Airframer is still considering how best to reconfigure A350 as a specialist cargo aircraft

But the task is not straightforward. With 277 orders, the 777F has far outsold the passenger 777-200LR on which it is based, attracting interest from a diverse cargo customer portfolio.

Airbus, keen to avoid another misalignment with cargo customer requirements, will need to consider whether to pursue the original -900 freighter concept, producing a jet with around 90t payload capability, or aim for higher capacity.

Converting the larger -1000 instead might offer 20% more volume than the -900 – and more than the 650cb m (22,600cb ft) of the 777F – but the aircraft would also inevitably be more expensive than the Boeing product. The US company has not developed a 777-300ER freighter, but a -300ER conversion is becoming available.

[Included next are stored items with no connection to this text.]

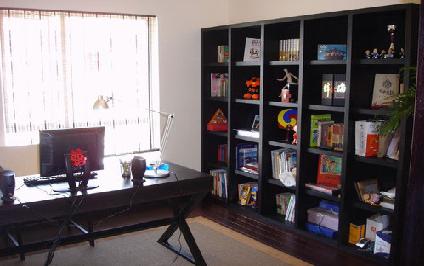裝飾主義書房的搭配其實(shí)是需要花費(fèi)很多心思的,幾個大面積的地方要強(qiáng)化出裝飾效果。花草圖案、暗啞的木紋光澤、帶有絲光的布藝和精致的工藝品,都是很好的工具。色彩不宜明亮,略帶些迷離的暗調(diào)會讓空間里彌漫著神秘的味道。
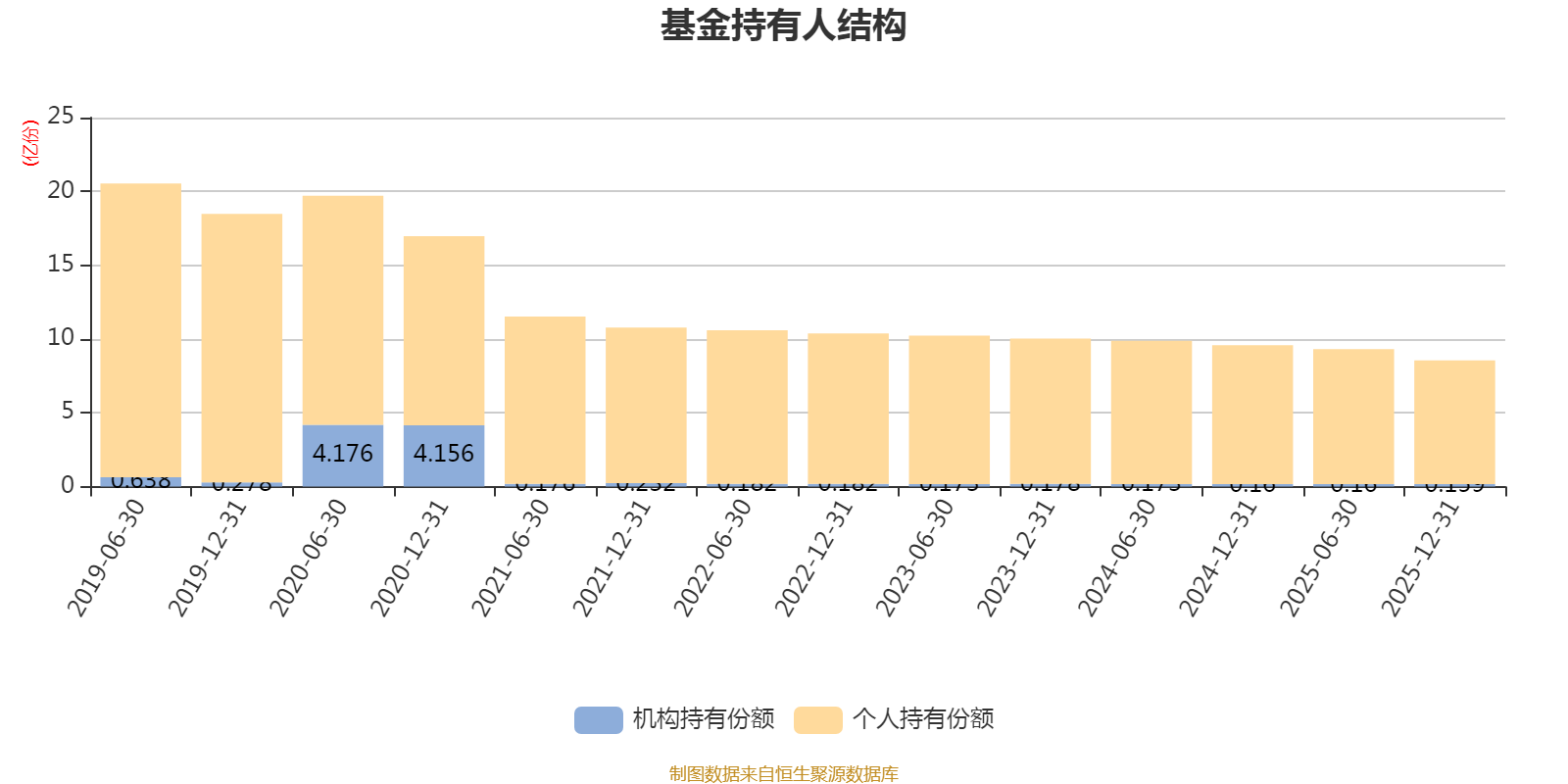 截至2025年12月31日,基金持有人共计3.84万户,合计持有8.56亿份。其中管理人员工持有9.58万份,占比0.01%,机构持有份额占比1.85%,个人投资者占比98.15%。
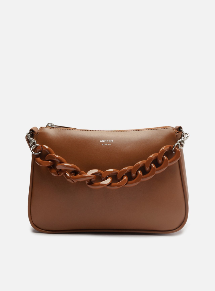 Bolsa tiracolo pequena marrom. O modelo tem formato compacto, estruturado e retangular e acabamento liso. Traz alça lateral fina com regulagem e corrente em acrílico da cor da bolsa, removível e presa por ganchos nas laterais. Possui fecho superior em zíper invertido e puxador.
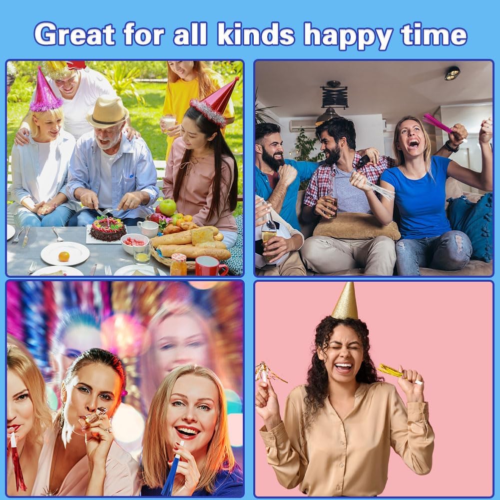 Lovecheer 24/60PCS Glitter Noise Makers Metallic Fringed Party Blowers for Adults Birthday Wedding Graduation 2025 New Years Musical Blowouts

The most radical idea would be to develop the A350 freighter with a tailored fuselage length, perhaps around 70m (229ft 6in) to position it midway between the two passenger variants. Such a decision would not be unprecedented; Boeing originally conceived the 747-8F as longer than the passenger 747-8, although the two eventually emerged with fuselages of the same length.

Prior to the pandemic, Airbus had forecast a global demand for around 2,500 new-build and converted dedicated freighters over the two decades to 2038, with 60% of them intended for replacement – notably, a large number of Boeing MD-11Fs remain operational with cargo fleets – and 40% for growth.

But new-build aircraft would total some 850 jets, it predicted, and most of these would occupy the mid-size category. Airbus expected about 360 new-build freighters would be needed in the high-capacity category, with payload capabilities of over 80t. Boeing has most recently estimated a need for 930 new-build freighters, split more-or-less equally between medium and large widebody models.

Airbus vice-president of programmes Philippe Mhun says an A350 freighter will only be launched “when launching conditions are met”, without elaborating.

While the pandemic has generated an undeniable near-term surge in air cargo traffic, less clear is the extent to which pre-crisis forecasts will need revising, and the degree to which the increasing focus on sustainability will influence Airbus’s latest attempt to exorcise its freighter demon.